**WHAT IS NEEDED**
Exactly as they appear below, repeat the lines from the one with "Das markante, eckige" through the one with "비둘기(dove)는 평화와 온건함을". Drop every picture.

**EXTRACTED DATA**
——————

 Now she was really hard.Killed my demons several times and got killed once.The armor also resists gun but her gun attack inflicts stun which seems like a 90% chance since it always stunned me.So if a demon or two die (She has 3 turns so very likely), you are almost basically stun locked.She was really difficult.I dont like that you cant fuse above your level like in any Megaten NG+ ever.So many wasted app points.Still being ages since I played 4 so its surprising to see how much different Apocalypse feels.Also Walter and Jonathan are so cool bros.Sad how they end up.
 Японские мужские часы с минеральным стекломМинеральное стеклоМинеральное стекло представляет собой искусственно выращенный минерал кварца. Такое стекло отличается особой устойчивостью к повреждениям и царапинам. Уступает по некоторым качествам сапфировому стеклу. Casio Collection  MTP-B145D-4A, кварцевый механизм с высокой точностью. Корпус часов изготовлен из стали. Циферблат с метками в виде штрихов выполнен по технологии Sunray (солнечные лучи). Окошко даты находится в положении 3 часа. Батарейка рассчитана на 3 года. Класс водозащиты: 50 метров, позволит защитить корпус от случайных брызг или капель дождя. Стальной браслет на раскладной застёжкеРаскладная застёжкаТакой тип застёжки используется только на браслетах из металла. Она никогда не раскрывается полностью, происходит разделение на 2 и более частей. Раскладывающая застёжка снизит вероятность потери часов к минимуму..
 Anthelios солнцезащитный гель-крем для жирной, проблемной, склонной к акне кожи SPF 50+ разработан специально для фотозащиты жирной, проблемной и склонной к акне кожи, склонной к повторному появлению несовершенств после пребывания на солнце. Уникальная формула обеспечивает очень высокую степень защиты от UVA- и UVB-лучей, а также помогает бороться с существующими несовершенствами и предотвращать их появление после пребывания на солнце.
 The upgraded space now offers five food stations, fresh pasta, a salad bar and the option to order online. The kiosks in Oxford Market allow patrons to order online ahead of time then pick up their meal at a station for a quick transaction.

——————

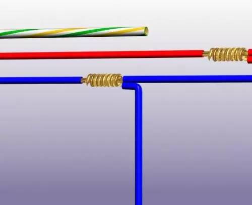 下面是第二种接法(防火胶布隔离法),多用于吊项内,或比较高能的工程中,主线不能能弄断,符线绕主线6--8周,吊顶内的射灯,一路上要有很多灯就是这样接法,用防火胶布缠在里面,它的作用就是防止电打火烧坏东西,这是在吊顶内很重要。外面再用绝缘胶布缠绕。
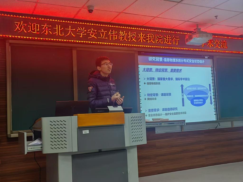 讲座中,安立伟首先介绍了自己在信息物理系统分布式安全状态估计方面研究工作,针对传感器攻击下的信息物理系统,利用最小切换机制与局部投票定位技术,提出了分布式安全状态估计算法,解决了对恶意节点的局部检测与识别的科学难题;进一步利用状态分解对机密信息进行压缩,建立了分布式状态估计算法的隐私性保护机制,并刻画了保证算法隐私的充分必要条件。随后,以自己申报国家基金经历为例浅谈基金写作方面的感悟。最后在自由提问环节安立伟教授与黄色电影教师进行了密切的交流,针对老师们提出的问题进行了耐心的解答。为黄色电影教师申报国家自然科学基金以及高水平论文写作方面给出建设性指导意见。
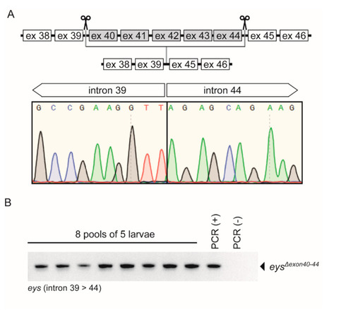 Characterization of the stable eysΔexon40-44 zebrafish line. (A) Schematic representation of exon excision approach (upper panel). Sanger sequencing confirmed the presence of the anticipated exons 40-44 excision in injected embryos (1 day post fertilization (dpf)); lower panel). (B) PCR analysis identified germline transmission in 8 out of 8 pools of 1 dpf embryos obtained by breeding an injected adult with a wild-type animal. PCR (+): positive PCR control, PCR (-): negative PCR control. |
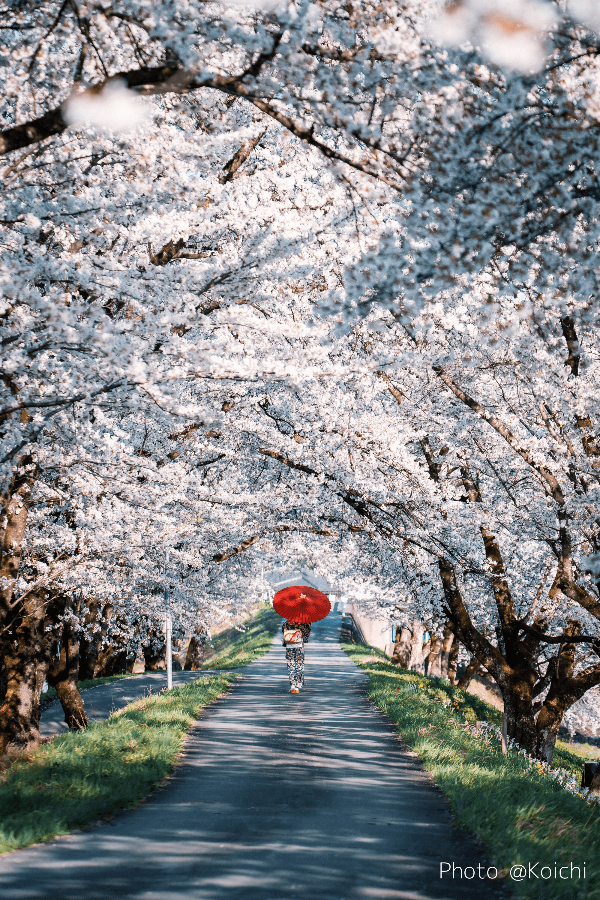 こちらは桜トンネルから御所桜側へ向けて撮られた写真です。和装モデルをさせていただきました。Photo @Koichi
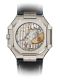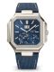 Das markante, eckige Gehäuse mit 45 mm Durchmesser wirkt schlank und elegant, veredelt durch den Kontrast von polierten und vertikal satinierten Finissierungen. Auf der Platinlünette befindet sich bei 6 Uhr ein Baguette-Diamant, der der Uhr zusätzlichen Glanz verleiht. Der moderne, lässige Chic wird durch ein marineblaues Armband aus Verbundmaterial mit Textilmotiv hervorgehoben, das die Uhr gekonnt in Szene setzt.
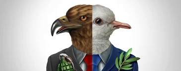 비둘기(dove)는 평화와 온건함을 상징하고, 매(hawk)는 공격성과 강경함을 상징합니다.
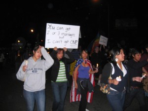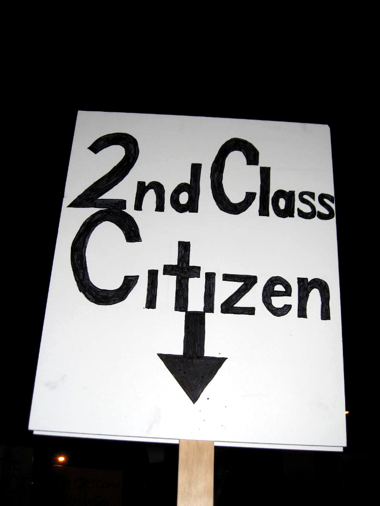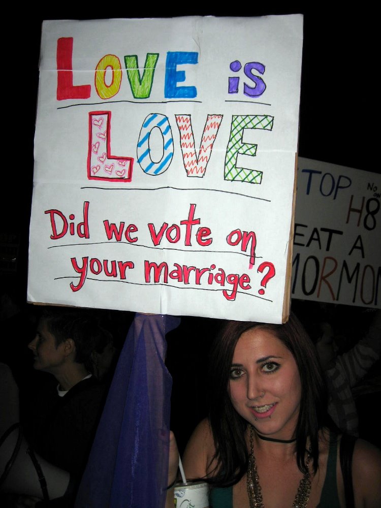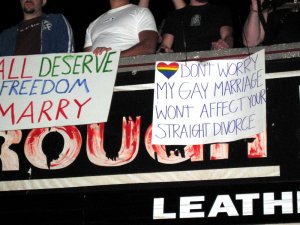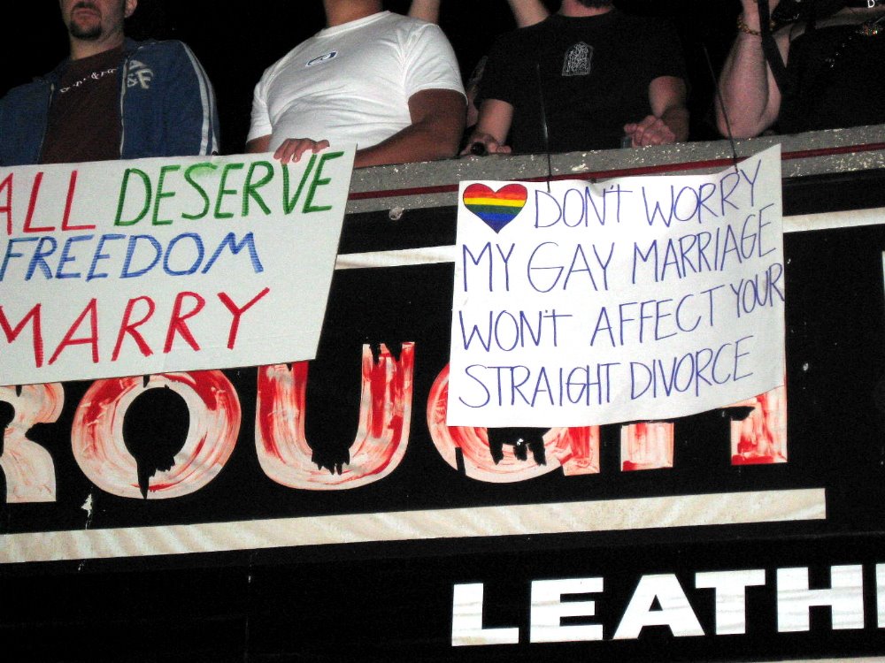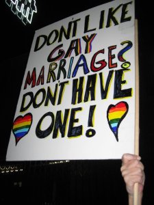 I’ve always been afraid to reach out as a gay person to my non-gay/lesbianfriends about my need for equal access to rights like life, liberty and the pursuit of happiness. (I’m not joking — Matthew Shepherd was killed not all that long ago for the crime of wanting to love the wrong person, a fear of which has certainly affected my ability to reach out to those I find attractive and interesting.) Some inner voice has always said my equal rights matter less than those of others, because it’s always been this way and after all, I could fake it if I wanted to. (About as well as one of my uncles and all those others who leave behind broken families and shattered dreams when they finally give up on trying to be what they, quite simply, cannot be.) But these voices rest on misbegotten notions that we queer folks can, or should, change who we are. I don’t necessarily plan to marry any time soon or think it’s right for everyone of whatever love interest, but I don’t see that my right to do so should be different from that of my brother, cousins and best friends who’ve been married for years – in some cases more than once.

——————

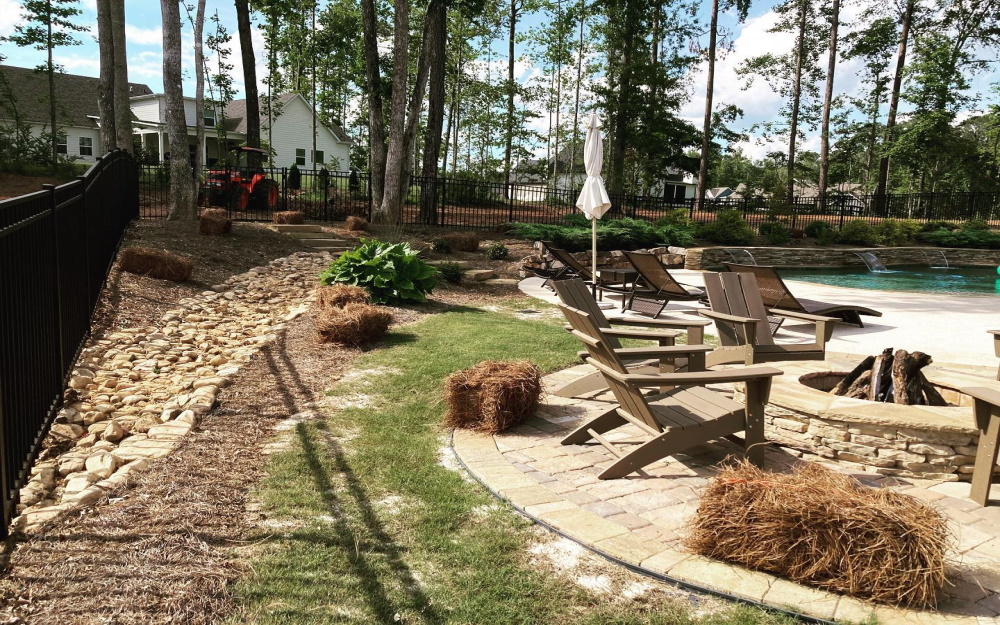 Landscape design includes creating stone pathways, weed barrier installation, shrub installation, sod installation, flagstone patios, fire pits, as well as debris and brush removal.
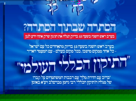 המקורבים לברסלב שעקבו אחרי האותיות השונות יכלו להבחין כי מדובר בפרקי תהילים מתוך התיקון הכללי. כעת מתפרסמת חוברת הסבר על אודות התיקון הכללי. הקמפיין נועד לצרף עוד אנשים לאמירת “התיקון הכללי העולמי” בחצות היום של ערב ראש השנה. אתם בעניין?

——————

**SOLUTION**
 Das markante, eckige Gehäuse mit 45 mm Durchmesser wirkt schlank und elegant, veredelt durch den Kontrast von polierten und vertikal satinierten Finissierungen. Auf der Platinlünette befindet sich bei 6 Uhr ein Baguette-Diamant, der der Uhr zusätzlichen Glanz verleiht. Der moderne, lässige Chic wird durch ein marineblaues Armband aus Verbundmaterial mit Textilmotiv hervorgehoben, das die Uhr gekonnt in Szene setzt.
 비둘기(dove)는 평화와 온건함을 상징하고, 매(hawk)는 공격성과 강경함을 상징합니다.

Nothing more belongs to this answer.